With the line containing "每台钩式抛丸机须经过切割、焊" as the starting point, output every line of the data below through its final line, character for character.

----

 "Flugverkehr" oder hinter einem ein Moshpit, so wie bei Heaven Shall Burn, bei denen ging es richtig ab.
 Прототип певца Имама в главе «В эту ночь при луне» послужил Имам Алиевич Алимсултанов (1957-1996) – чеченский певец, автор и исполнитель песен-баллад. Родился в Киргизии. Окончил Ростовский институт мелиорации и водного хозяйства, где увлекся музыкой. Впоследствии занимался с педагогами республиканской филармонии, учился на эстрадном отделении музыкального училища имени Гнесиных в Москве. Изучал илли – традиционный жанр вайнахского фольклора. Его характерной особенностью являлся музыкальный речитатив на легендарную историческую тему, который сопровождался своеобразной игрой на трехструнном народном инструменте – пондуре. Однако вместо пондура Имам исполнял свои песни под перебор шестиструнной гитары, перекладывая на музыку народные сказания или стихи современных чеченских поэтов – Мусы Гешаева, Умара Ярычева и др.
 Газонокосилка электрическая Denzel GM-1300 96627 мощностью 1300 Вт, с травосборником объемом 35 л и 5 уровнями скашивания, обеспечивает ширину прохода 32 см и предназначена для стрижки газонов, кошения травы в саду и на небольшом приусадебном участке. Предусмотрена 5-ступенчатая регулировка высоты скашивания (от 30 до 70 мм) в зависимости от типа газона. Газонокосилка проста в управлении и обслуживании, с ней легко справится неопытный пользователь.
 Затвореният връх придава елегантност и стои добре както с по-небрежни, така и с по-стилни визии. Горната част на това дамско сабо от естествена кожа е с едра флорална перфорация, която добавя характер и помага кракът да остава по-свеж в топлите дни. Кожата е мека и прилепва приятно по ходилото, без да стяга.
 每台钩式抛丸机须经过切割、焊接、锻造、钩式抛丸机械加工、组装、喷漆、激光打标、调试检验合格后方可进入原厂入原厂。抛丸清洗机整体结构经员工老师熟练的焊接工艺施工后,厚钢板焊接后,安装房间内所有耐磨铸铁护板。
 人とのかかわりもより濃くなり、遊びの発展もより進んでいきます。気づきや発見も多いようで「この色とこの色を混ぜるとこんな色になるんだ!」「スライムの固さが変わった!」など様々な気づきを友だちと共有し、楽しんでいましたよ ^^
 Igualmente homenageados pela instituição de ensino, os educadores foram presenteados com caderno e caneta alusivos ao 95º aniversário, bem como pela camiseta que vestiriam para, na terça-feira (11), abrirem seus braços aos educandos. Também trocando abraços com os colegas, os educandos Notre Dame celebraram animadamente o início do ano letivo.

----

- [OUTPUT FOR THIS EXERCISE]:
 每台钩式抛丸机须经过切割、焊接、锻造、钩式抛丸机械加工、组装、喷漆、激光打标、调试检验合格后方可进入原厂入原厂。抛丸清洗机整体结构经员工老师熟练的焊接工艺施工后,厚钢板焊接后,安装房间内所有耐磨铸铁护板。
 人とのかかわりもより濃くなり、遊びの発展もより進んでいきます。気づきや発見も多いようで「この色とこの色を混ぜるとこんな色になるんだ!」「スライムの固さが変わった!」など様々な気づきを友だちと共有し、楽しんでいましたよ ^^
 Igualmente homenageados pela instituição de ensino, os educadores foram presenteados com caderno e caneta alusivos ao 95º aniversário, bem como pela camiseta que vestiriam para, na terça-feira (11), abrirem seus braços aos educandos. Também trocando abraços com os colegas, os educandos Notre Dame celebraram animadamente o início do ano letivo.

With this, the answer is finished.